In order to assess the robustness of our results with respect to multiple methods, we performed two additional analyses, using the PPM algorithm presented in Guedré et al., and the IPA algorithm presented in Bitbol et al. We implemented both IPA and PPM in Matlab (from scratch for IPA, based on the Julia implementation and pseudo-code provided for PPM). Both algorithms had to be adapted to allow for an unequal number of paralogs of both families. In the case of IPA, we started from a random pairing seed as presented in their original work. Both algorithms were run with their default parameters as presented in their resp. papers. To best compare the contact prediction quality, we used IPA/PPM to build (near-) optimal paralog matchings. The resulting MSAs were then used as input to the same pseudo-likelihood based DCA algorithm used in the random matching strategy, which is known to perform slightly better than the mean-field methods used in IPA/PPM when performing contact predictions.

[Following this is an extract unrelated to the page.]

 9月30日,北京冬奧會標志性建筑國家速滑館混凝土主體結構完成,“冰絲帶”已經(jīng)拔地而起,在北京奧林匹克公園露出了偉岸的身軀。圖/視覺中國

We report in Author reponse table 4 the nine most frequent contacts in the random matching approach, as well as the nine strongest coevolving contacts in the DCAs obtained from the MSAs resulting from the IPA/PPM procedures. We highlighted in green the contacts that appear in both the Random matching and either the IPA or the PPM procedures. In yellow are contacts that are defined as “similar” (one residue being predicted by two methods and the second one in a nearby region between the two predictions). As seen, the results obtained by the random matching strategy are strongly overlapping with the results obtained by IPA and PPM. In particular, the four most frequent contacts identified by the random matching are also among the strongest contacts identified by the other methods. The 5th and 6th most frequent contacts in the random matching are similar (see above) to strong contacts identified by IPA or PPM. Taken together, these results highlight the strong overlap of all three methods in this case.

Author response table 4

Comparison of top inter-protein contact predictions between Random Matching, PPM and IPA. In green are highlighted the overlapping predictions between Random matching and PPM/IPA. Contacts highlighted in yellow denote similar contacts, defined as having one identical residue, and the second one in proximity.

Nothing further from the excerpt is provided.